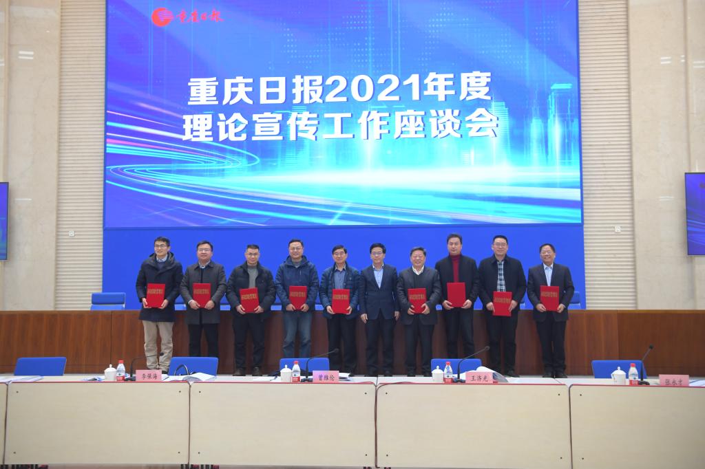 2月18日,《重庆日报》召开“重庆日报2021年度理论宣传工作座谈会”,旨在深入贯彻以习近平同志为核心的党中央对新闻舆论工作提出的新任务新要求,做好新形势下党的宣传思想工作。市委宣传部副部长曾维伦、市社科联党组书记李保海、《重庆日报》总编辑张永才等出席本次座谈会。365官网副校长、长江上游经济研究中心常务副主任李敬教授,长江上游经济研究中心副主任易淼教授受邀参加此次座谈会。
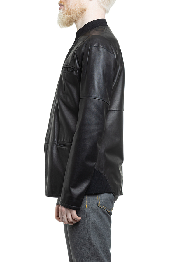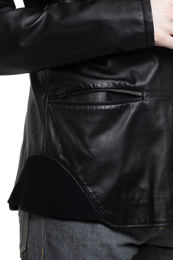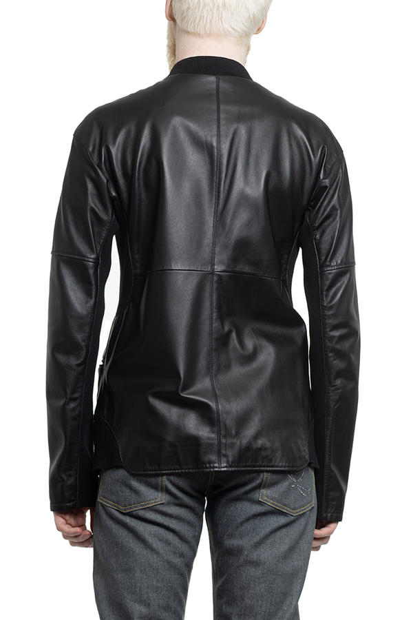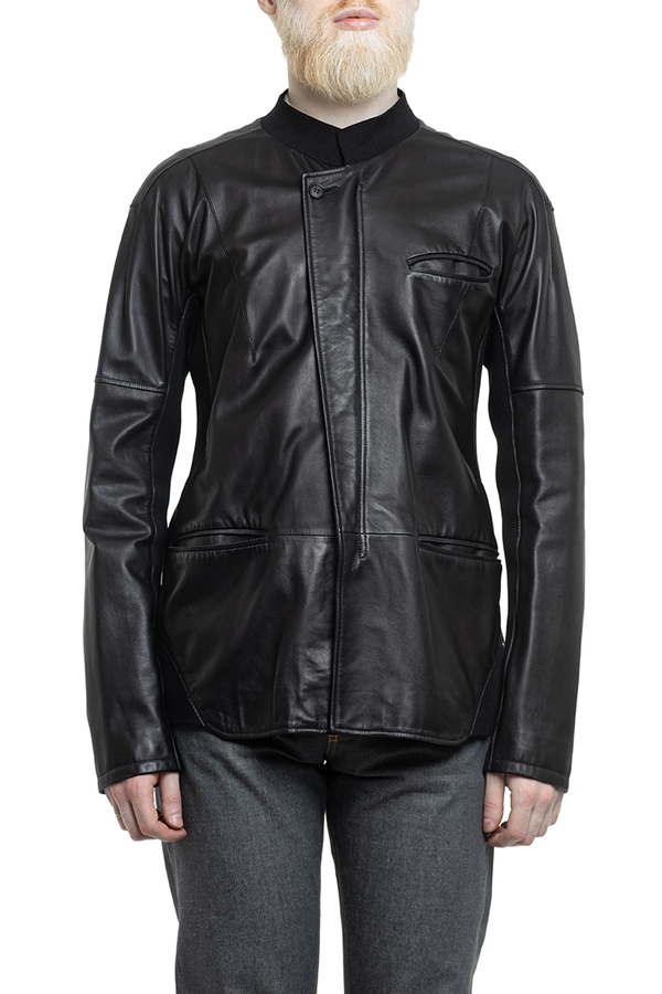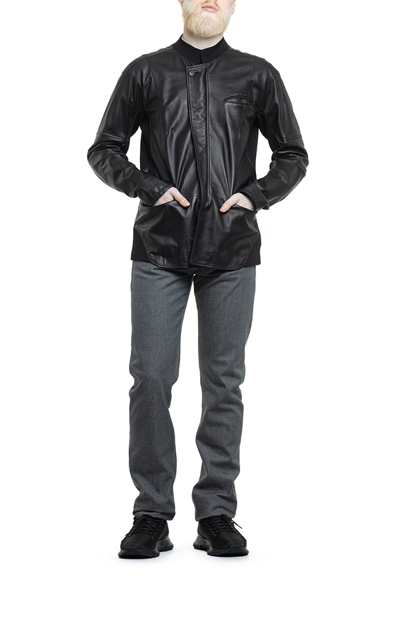 - Leather jacket with a ribbed collar, asymmetrical front, ribbed side panels, front patch pockets
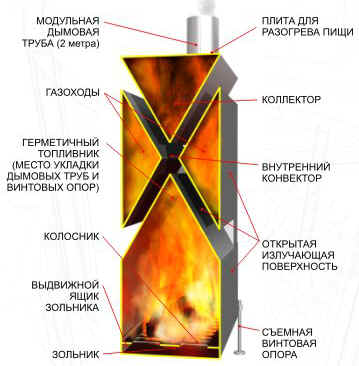 угумс. похоже на правду. только зона дожигания поболее должна быть. + рубашка водяная чтоб снять тепло. вроде так.
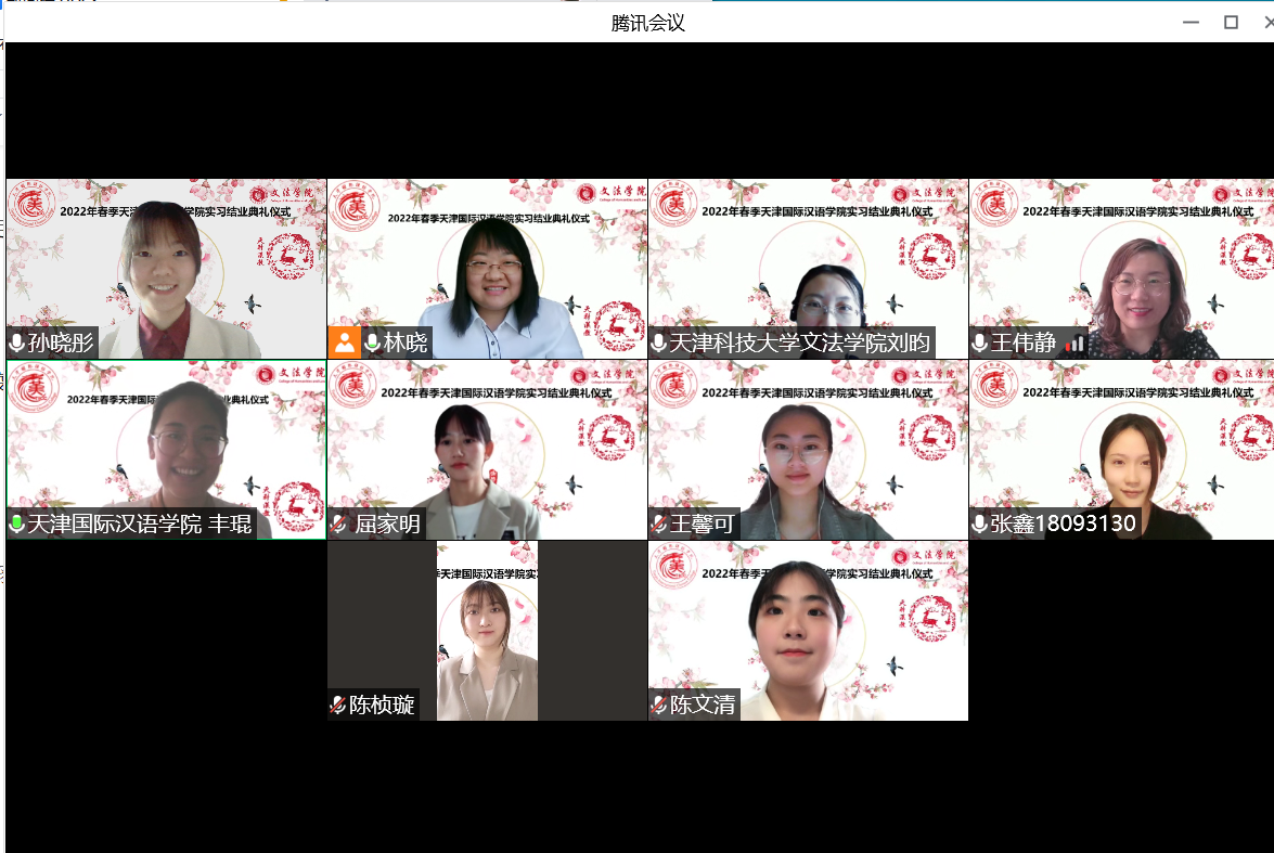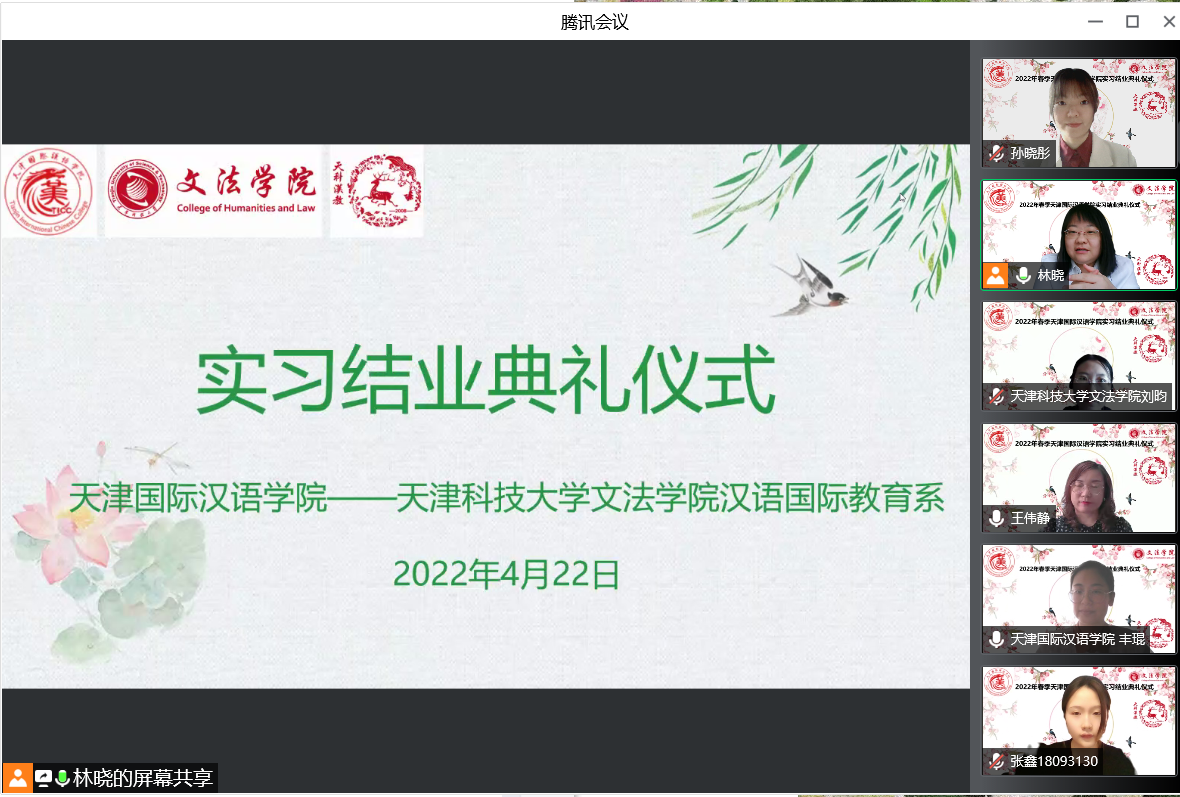 4月2日下午,文法学院汉语国际教育专业2022年度天津国际汉语学院实习项目结业仪式在线上顺利举行。我院合作实习单位负责人:天津国际汉语学院副院长丰坤、我院副院长王伟静、实习带队老师刘昀及全体实习学生共同出席,活动由汉语国际教育系主任赵林晓主持。丰琨院长代表实习单位介绍了本次实习的基本情况,展示了实习成果总结视频,并宣读了表扬信,高度赞扬我院汉语国际教育专业同学们的实习工作表现,认为同学们专业基础知识扎实,工作作风优良,及时高效地完成了实习任务,为汉语教学资源库的建设做出了贡献。
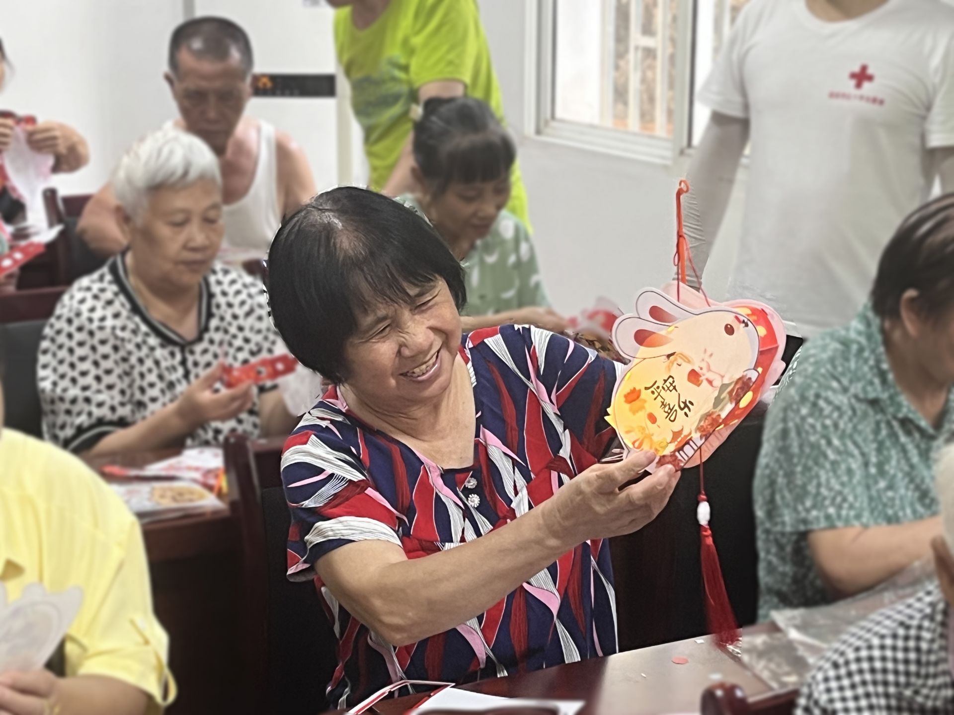 活动现场热闹非凡,工作人员组织社区居民们现场体验了DIY灯笼制作、中秋节主题猜谜语等丰富多彩的互动活动。志愿者们为大家发放了手工材料包,并耐心指导大家如何摆灯架、连灯饰、挂灯线。现场弥漫着浓浓的节日气息,一个个寓意着“花好月圆”“平安喜乐”等美好祝愿的灯笼在居民们的巧手下呈现出来。
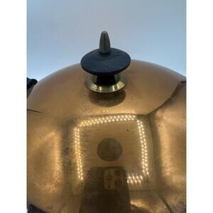 This vintage copper metal sauce pan with a 10" diameter features a round shape and a black handle, adding a touch of retro charm to any kitchen. The two-piece set includes a saucepan and its accompanying lid, making it perfect for cooking or decoration.
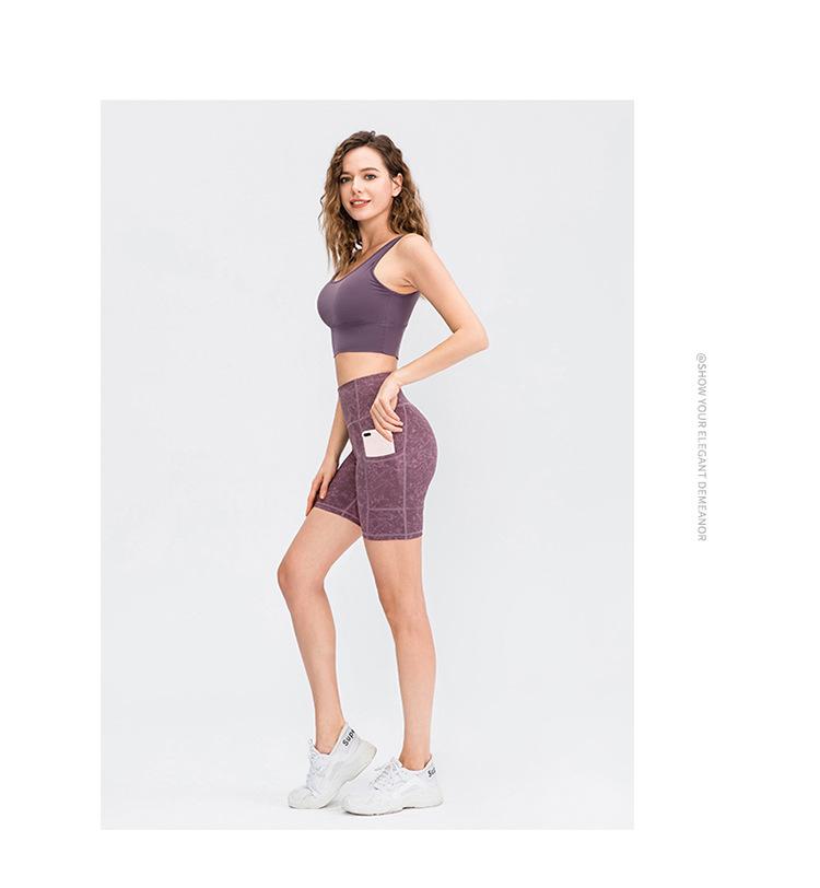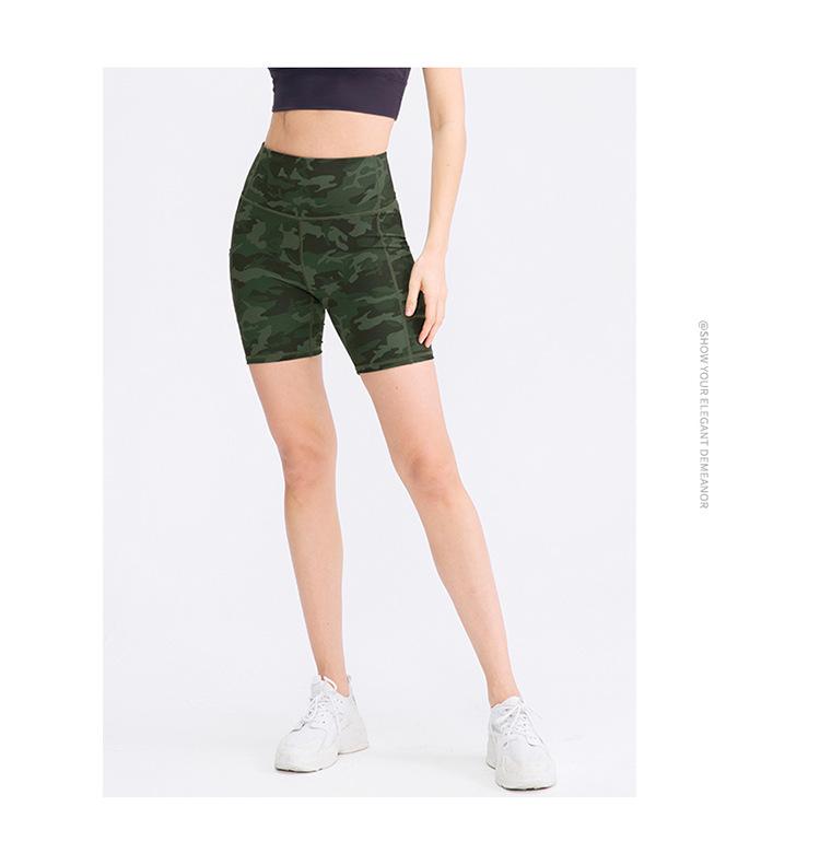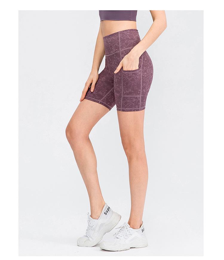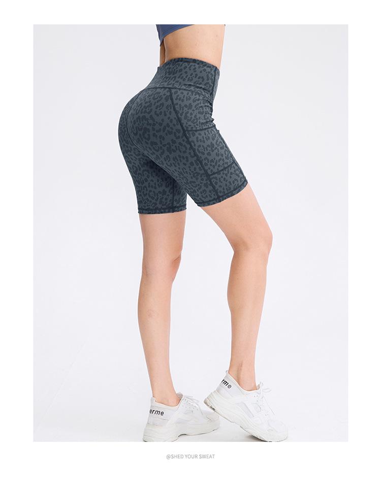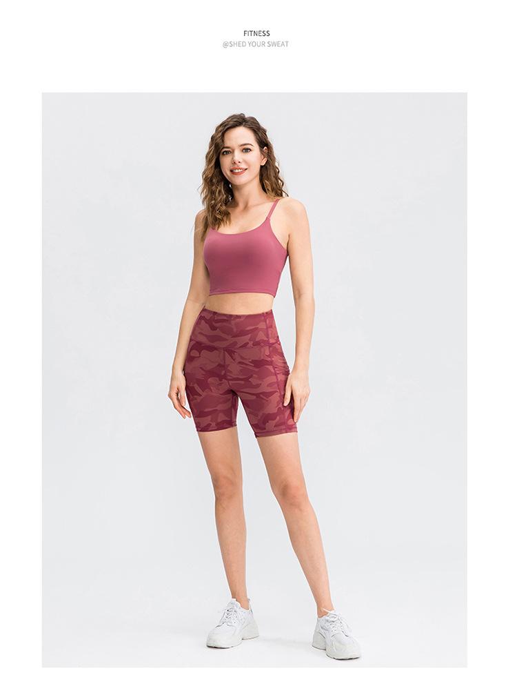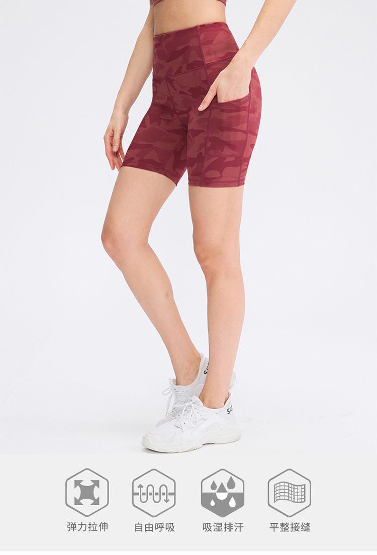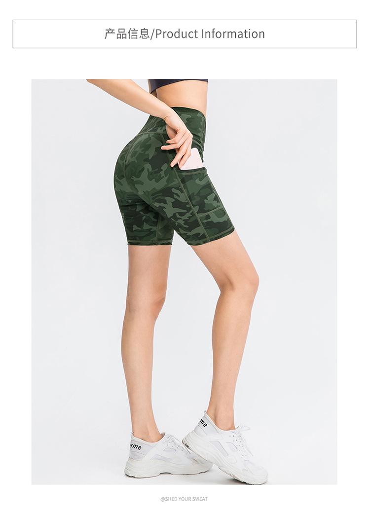 Pantalones cortos de yoga personalizados con estampado nude para mujer, ajustados, elásticos y de secado rápido, para fitness y deportes.

■ ■ ■ ■ ■

PROBLEM TO SOLVE:
Copy only the part of the records that runs from the first line to the line with "угумс. похоже на", ends included, leaving pictures out.

TASK SOLUTION:
 2月18日,《重庆日报》召开“重庆日报2021年度理论宣传工作座谈会”,旨在深入贯彻以习近平同志为核心的党中央对新闻舆论工作提出的新任务新要求,做好新形势下党的宣传思想工作。市委宣传部副部长曾维伦、市社科联党组书记李保海、《重庆日报》总编辑张永才等出席本次座谈会。365官网副校长、长江上游经济研究中心常务副主任李敬教授,长江上游经济研究中心副主任易淼教授受邀参加此次座谈会。
 - Leather jacket with a ribbed collar, asymmetrical front, ribbed side panels, front patch pockets
 угумс. похоже на правду. только зона дожигания поболее должна быть. + рубашка водяная чтоб снять тепло. вроде так.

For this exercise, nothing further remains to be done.